How Aspose selects encoding to read text (CSV) file?


#1

Could you describe how Aspose.Cells C# version detects which encoding to use to read content of CSV file.
For example following code:

            var options = new TxtLoadOptions()
            {
                Separator = ','
            };
           var workbook = new Workbook("myfile.csv", options);

is able to correctly read both Unicode (UTF-8 and UTF-16) textual file and Windows-1251 (ASCII) textual file on Russian OS, but can’t read Shift-JIS file on Japanese OS.

Debugger shows that Aspose.Cells uses System.Text.DBCSCodePageEncoding class as encoder:
DBCSEncoding.png (18.9 KB)
So theoretically everything should work ok.

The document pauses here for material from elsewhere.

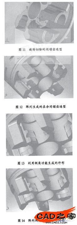 6)選擇基準面,繪制草圖,利用拉伸切除、旋轉(zhuǎn)切除、倒角和陣列等功能生成異形零件尾部閉鎖齒部位,見圖11。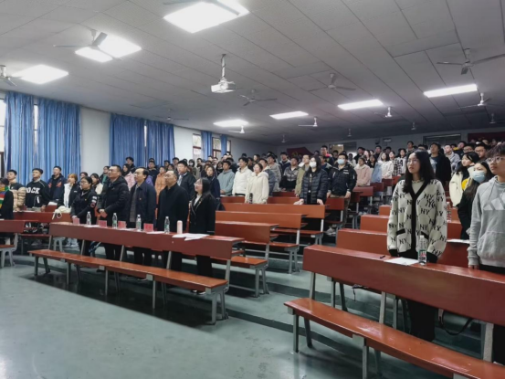 2023年3月18日上午,英国365集团公司官网党委党校2023年第1期物理与光电工程学院、材料科学与工程学院分党校学生入党积极分子培训班开班典礼暨第一次专题讲座在南山二阶梯举行,参加开班典礼的有英国365集团公司官网党委书记刘轩、组织员段荷芬与材料科学与工程学院党委书记胡义伟、党委副书记罗兆祥、组织员杨千雪以及培训班全体学员。

Aspose.Cells C# version: 19.6
CSV file in Shift-JIS encoding: Book1.zip (148 Bytes)


#2

I’ve tried to use 19.8 version and setup TxtLoadOptions.IsMultiEncoded = true, but it doesn’t help


#3

@23W,
We are analysing your requirement and need more sample files for our testing. Please share all the files mentioned here. We will observe the scenario and provide assistance accordingly.


#4

Source files:
Encodings.zip (1.2 KB)
I’ve found that code:

            var options = new TxtLoadOptions()
            {
                Separator = ','
            };
           var workbook = new Workbook("Book1.csv", options);

Works only with Unicode encoded files and it doesn’t meter whether it contains BOM or not (Book1 UTF-8 without BOM.csv processed correctly). This code is not able to read text file with any ANSI code page even if it’s current system ANSI code page.

Following code:

            var options = new TxtLoadOptions()
            {
                Encoding = Encoding.Default,
                Separator = ','
            };
           var workbook = new Workbook("Book1.csv", options);

Excellent reads text file with system current ANSI code page. So it correctly reads Book1 ShiftJIS.csv on Japanese OS. It also correctly reads Unicode encoded text files buy ONLY if it contains BOM (Book1 UTF-8 without BOM.csv is not processed correctly).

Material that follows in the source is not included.